Ha aperto la serata Guglielmo Gafforini, bresciano DOC, appassionato di arrampicata e dei suoi nipoti, che ha voluto portare un grande messaggio sul futuro delle nuove generazioni: il futuro è oggi… domani è già tardi. Non rimandate nulla di ciò che è possibile fare ora.

È stato poi il turno di Enrico Cerni, affezionato di OfficinaStrategia, manager e formatore nella Corporate University del Gruppo Generali nonché autore di varie pubblicazioni tra cui Dante per i Manager. Con il suo intervento poetico ci ha insegnato che il futuro è breve, “è un racconto, non un romanzo. È  il titolo di un giornale strappato e già in ritardo sulle notizie nel momento stesso in cui l’hai comprato. Se ne sta racchiuso in 140 caratteri, in una frase corta e smilza che ti echeggia nella testa da ieri. O forse da sempre.”

Tra gli speaker anche un artista, Paolo Cattaneo, cantante ma non solo, ha raccontato il futuro visto da un musicista, che vive in anticipo rispetto al futuro: oggi lavoro a ciò che il pubblico ascolterà tra mesi.
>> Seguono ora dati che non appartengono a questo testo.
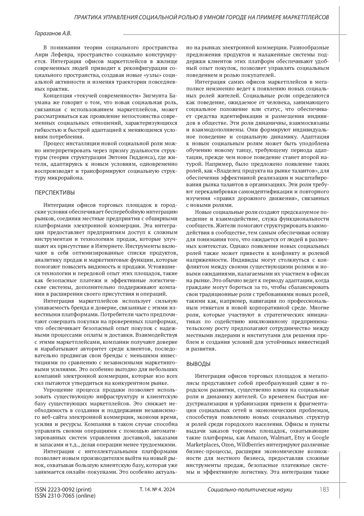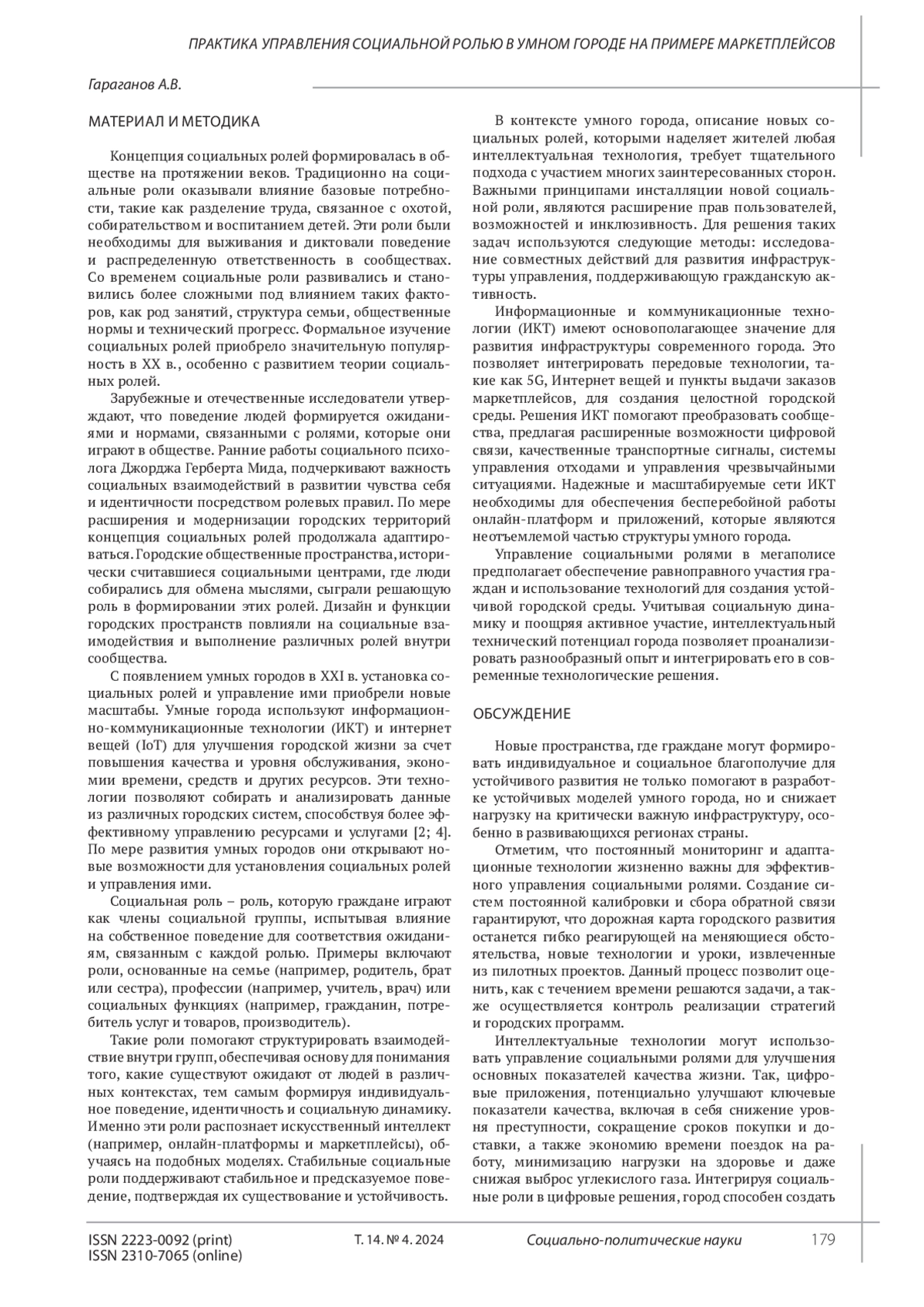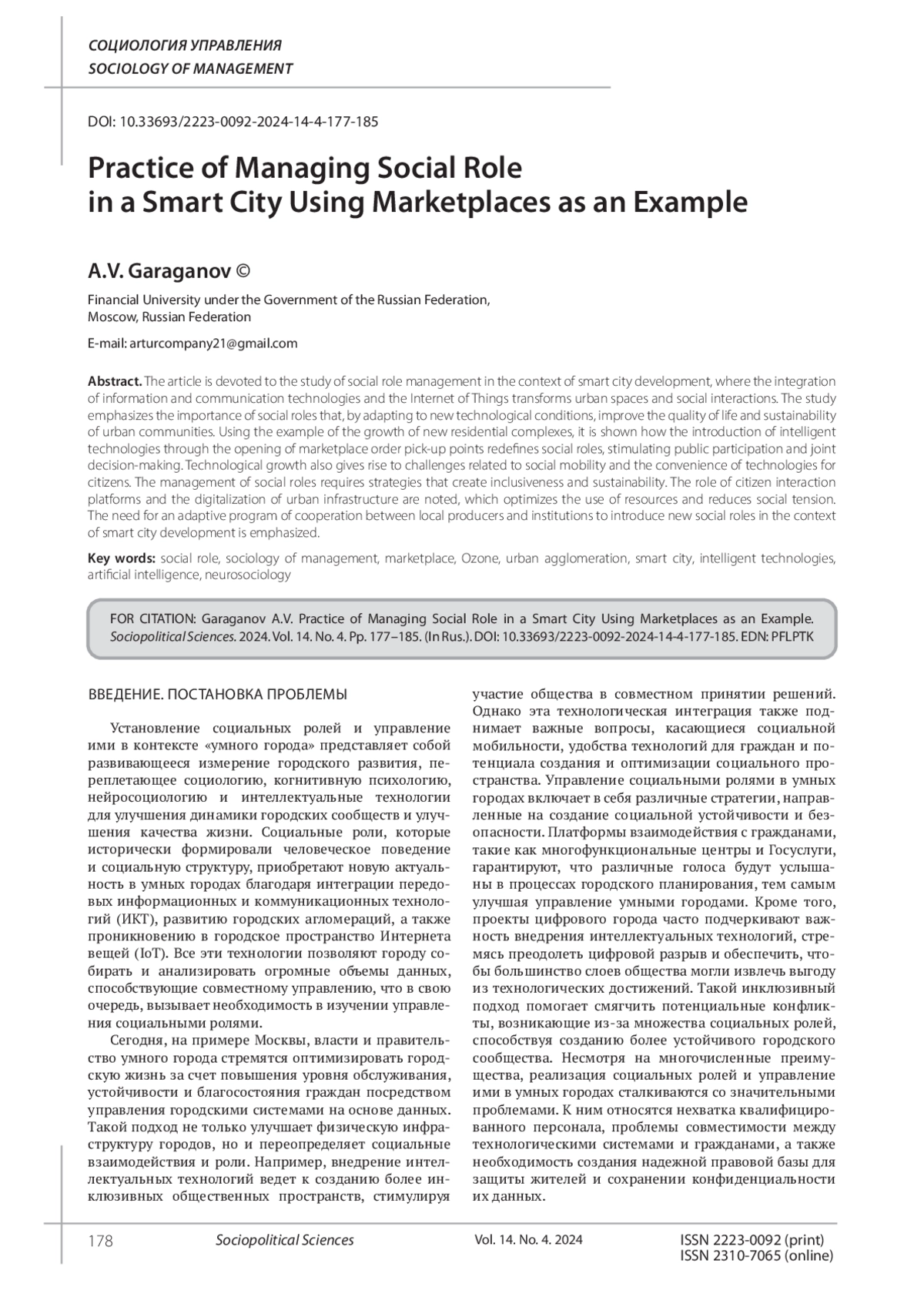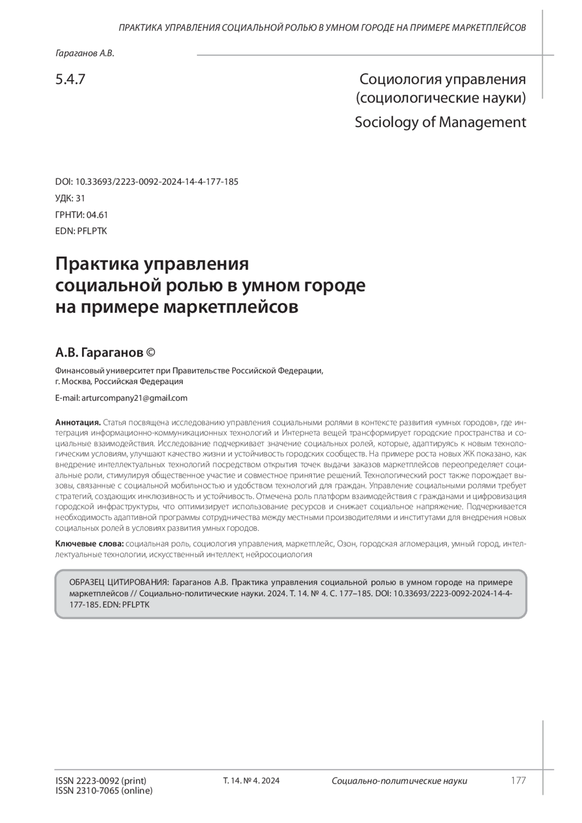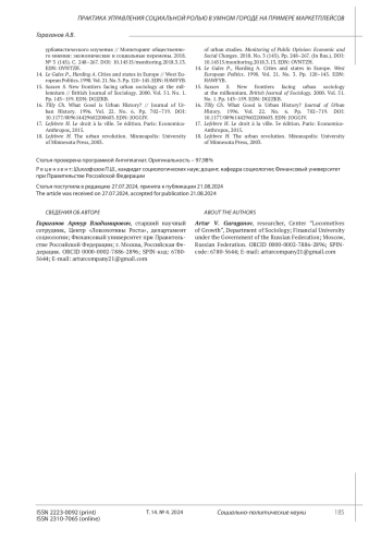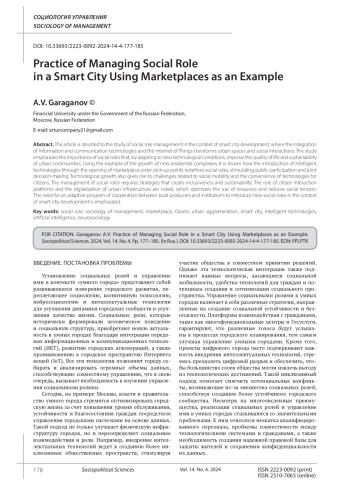 ГАРАГАНОВ А. В. ПРАКТИКА УПРАВЛЕНИЯ СОЦИАЛЬНОЙ РОЛЬЮ В УМНОМ ГОРОДЕ НА ПРИМЕРЕ МАРКЕТПЛЕЙСОВ // СОЦИАЛЬНО-ПОЛИТИЧЕСКИЕ НАУКИ. 2024. Т. 14 № 4
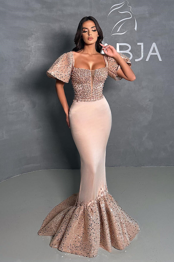 Glowing Champagne Square Mermaid Straps Prom Dresses Sequins Sleeveless With Beads

Simona Riva, architetto visual che si pone l’obiettivo di interpretare gli spazi in un’armonia di forme e colori, ha registrato il suo intervento essendosi da poco trasferita in Francia. Per lei futuro significa tornare alle origini, riscoprire per esempio il gusto di essere chiamati per nome.
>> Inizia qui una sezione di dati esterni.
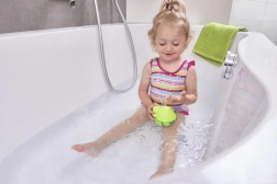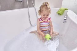 Gracias a su longitud compacta de 11 cm, se sostiene fácilmente incluso en las manos más pequeñas. El plástico resistente y liso se limpia con facilidad y está diseñado para el uso diario en la bañera o en la piscinita infantil.
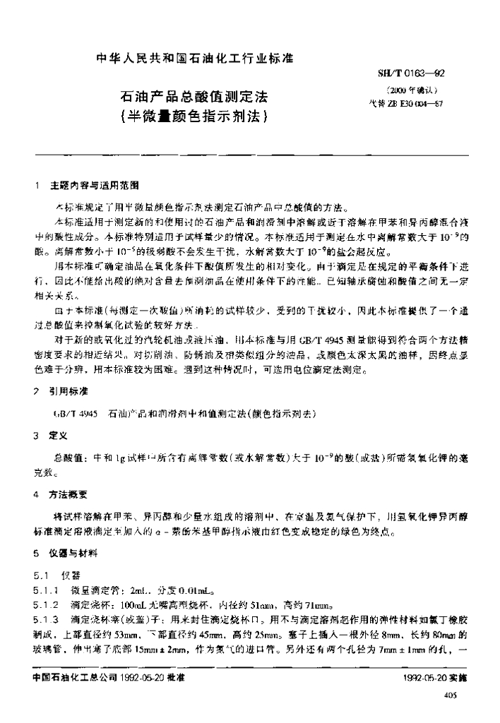 SH/T 0163-1992 石油产品总酸值测定法(半微量颜色指示剂法)
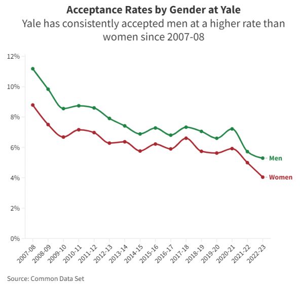 耶鲁大学(Yale)同样存在类似偏向,自2008~2009学年以来,耶鲁大学的男生录取率始终高于女生。2022~2023学年,女性和男性在申请者中分别占比58%和42%,这一差距在新生中收窄,分别占比51%和49%。
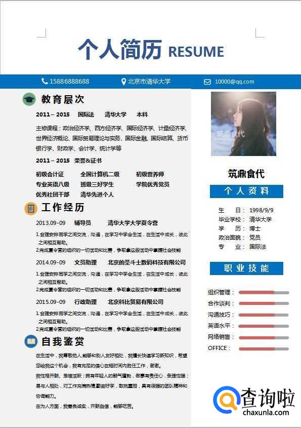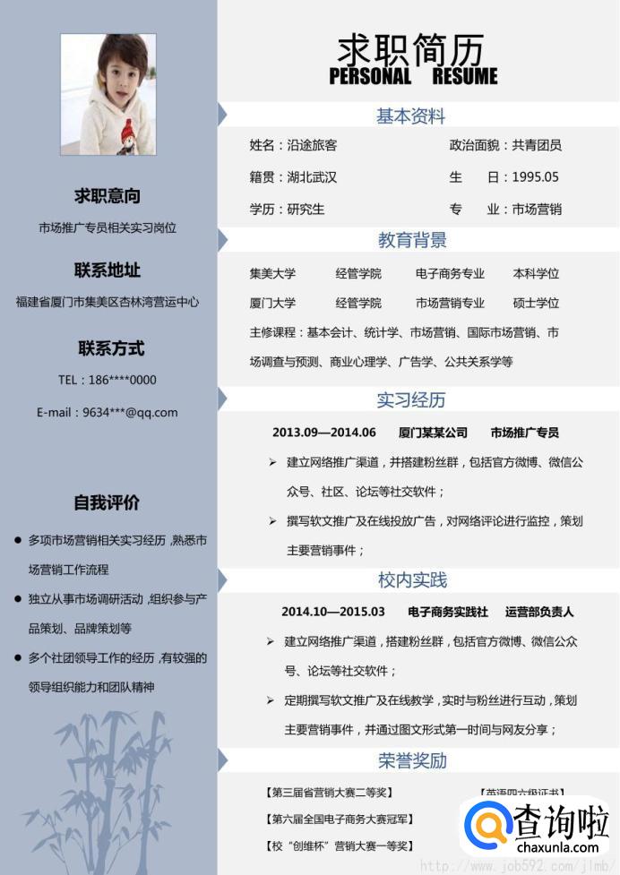 标题最好不用《个人简历》,建议用《XXX的个人简历》。字体别弄太大~个人简历就是向HR表现自己的第一个舞台,标题太大了占的位置多,无形中减小了你表现的舞台。用上自己的名字也有原因:简历最重要的作用就是为了给HR留下最深刻的印象,这样HR在把所有简历看完后想把觉得合适的人挑出来的时候,会更容易找到你。

Agente assicurativo, scout nell’animo e  papà adottivo di Adà, Simone Mabellini ha scoperto il suo significato di futuro scrivendolo distrattamente su un post-it in questo modo: FU – il futuro è tutto quello che deve ancora accadere, ma che in un battito di ciglia viene trascinato costantemente nel presente e poi nel passato; TU – il futuro ci riguarda; RO – il futuro è l’alternanza continua di partenze e traguardi per Raggiungere i nostri Obiettivi, sfidanti e concreti.

Per Paolo Guglielmoni, copywriter di nascita, tra i fondatori di Hungry ideas – la prima agenzia creativa-produttiva in Italia che si occupa di storytelling design – il futuro è scritto e come tale il nostro passato, inciso sulla carta, è il futuro di qualcun altro, ciò che ancora gli altri non conoscono.
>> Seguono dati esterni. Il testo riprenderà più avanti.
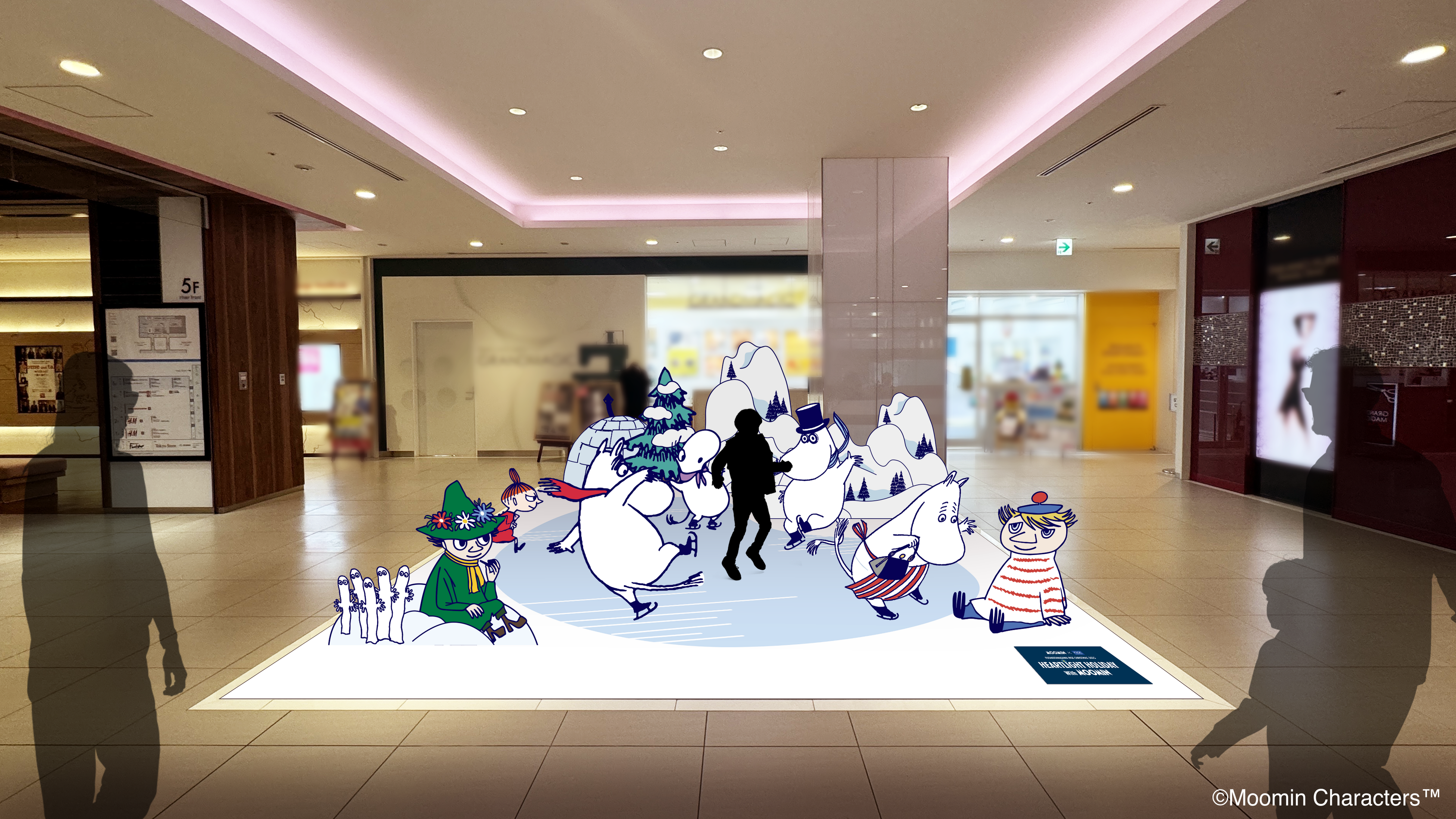 リバーフロント 5Fでは、二子玉川ライズ 中央広場に登場するスケートリンクを思わせるムーミン谷の仲間たちのフォトスポットが登場。この冬ならではの、思い出の1枚を写真に収めることができます。

Ironica e profonda Francesca Tocchella, franciacortina e titolare dell’agenzia di organizzazione eventi Kore, ha analizzato il concetto di futuro da un punto di vista spaziale: luogo comune vuole che sia davanti a noi, ma dato che non lo conosciamo sarebbe più opportuno immaginarselo dietro le nostre spalle. Dopotutto è sconosciuto.

Stefano Scozzese, web designer famoso e talentuoso – tanto che volti noti dello show biz gli hanno affidato la loro immagine digitale – co-founder della start-up iam.dj, ritiene che il futuro stia nella capacità di gestire la tecnologia ed arrivare ad essere, in meno anni, saggio come il padre.

A concludere gli interventi un ospite d’eccezione, un bambino, a testimonianza di chi può parlare del futuro senza i condizionamenti classici di chi si è già scontrato con la vita e riporta le cicatrici del proprio vissuto. Figlio di Marco e Sara, Giacomo Gafforini, a soli otto anni è già un grande viaggiatore e pensatore in erba. Per lui il futuro è lontano, un futuro in cui aprirà un ristorante e sperimenterà nuove ricette.

Come sempre durante la serata ha preso vita una mappa mentale che riporta i significati espressi dagli speaker. Questa volta l’autore è stato un Officiner, il designer della comunicazione Paolo Dusi, autore delle nostre infografiche, che ha realizzato un’illustrazione con il suo stile minimal e 2.0.

Grazie a quest’illustrazione è possibile ricostruire in modo semplice il percorso logico  della serata e i vari significati attribuiti al futuro. La mappa è stata consegnata anche a tutti i presenti per dar modo a loro di “colorare il proprio futuro”.